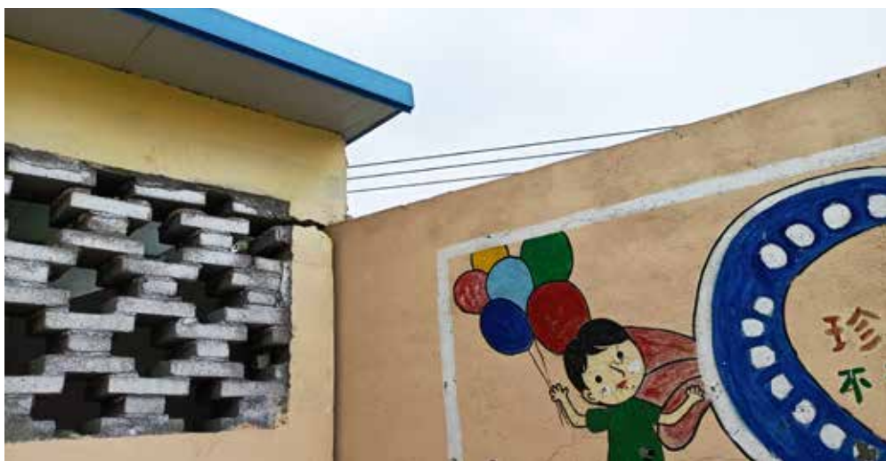
辉县市拍石头乡小学墙壁裂隙，墙外为落差山体
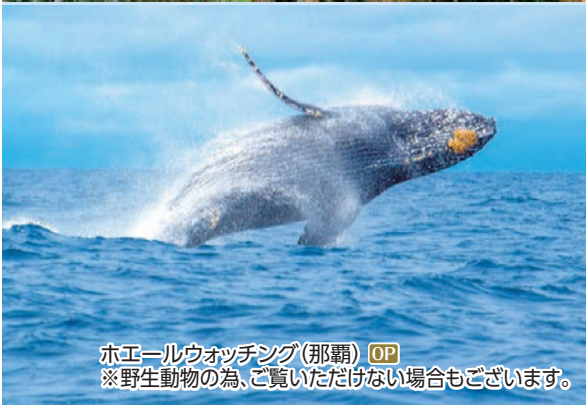
ホエールウォッチング(那覇) OP ※野生動物の為、ご覧いただけない場合もございます。
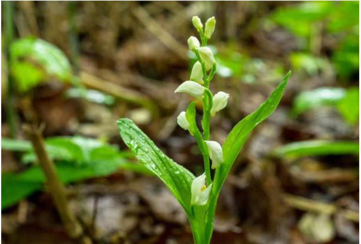
“Gin-ran” Family: Orchidaceae / ラン科 キンラン属

日本全国の山地や丘陵で広葉樹林の林下に咲く草丈10～30cmの多年草で、朝鮮半島からヒマラヤ東部にかけても分布する。茎は直立して毛がなく、長さ3～8cmの葉3～6枚が互生する。茎の先に白い花が5～10個つき、花序は最上位の葉と苞よりも高い位置にある。花は長さ1cmほどでありあまり開かないが、白い萼片と白い花弁が3枚ずつあり、広披針形の側花弁は萼片よりは短い。唇弁は3裂し、中裂片は楕円形で先が尖る。唇弁の基部は短い距となって外に突き出す。花自体は特に美しいとはいえないが、植物全体の雰囲気は何とも雅な好ましいランだ。ギンランは菌と共生するので、山から庭に移植しても育たない。本州では激減したというが、道内では今でも普通に見られるランで、春の里山歩きを楽しくしてくれる。◇2019.06.10 札幌市、定山溪天狗岳

+ + + + + + +

▶ What is being asked
Nothing but the lines from the beginning of the material above through the line containing "Orchidaceae / ラン科 キンラン属" should appear in the answer, copied exactly and free of pictures.

▶ Response area
辉县市拍石头乡小学墙壁裂隙，墙外为落差山体
ホエールウォッチング(那覇) OP ※野生動物の為、ご覧いただけない場合もございます。
“Gin-ran” Family: Orchidaceae / ラン科 キンラン属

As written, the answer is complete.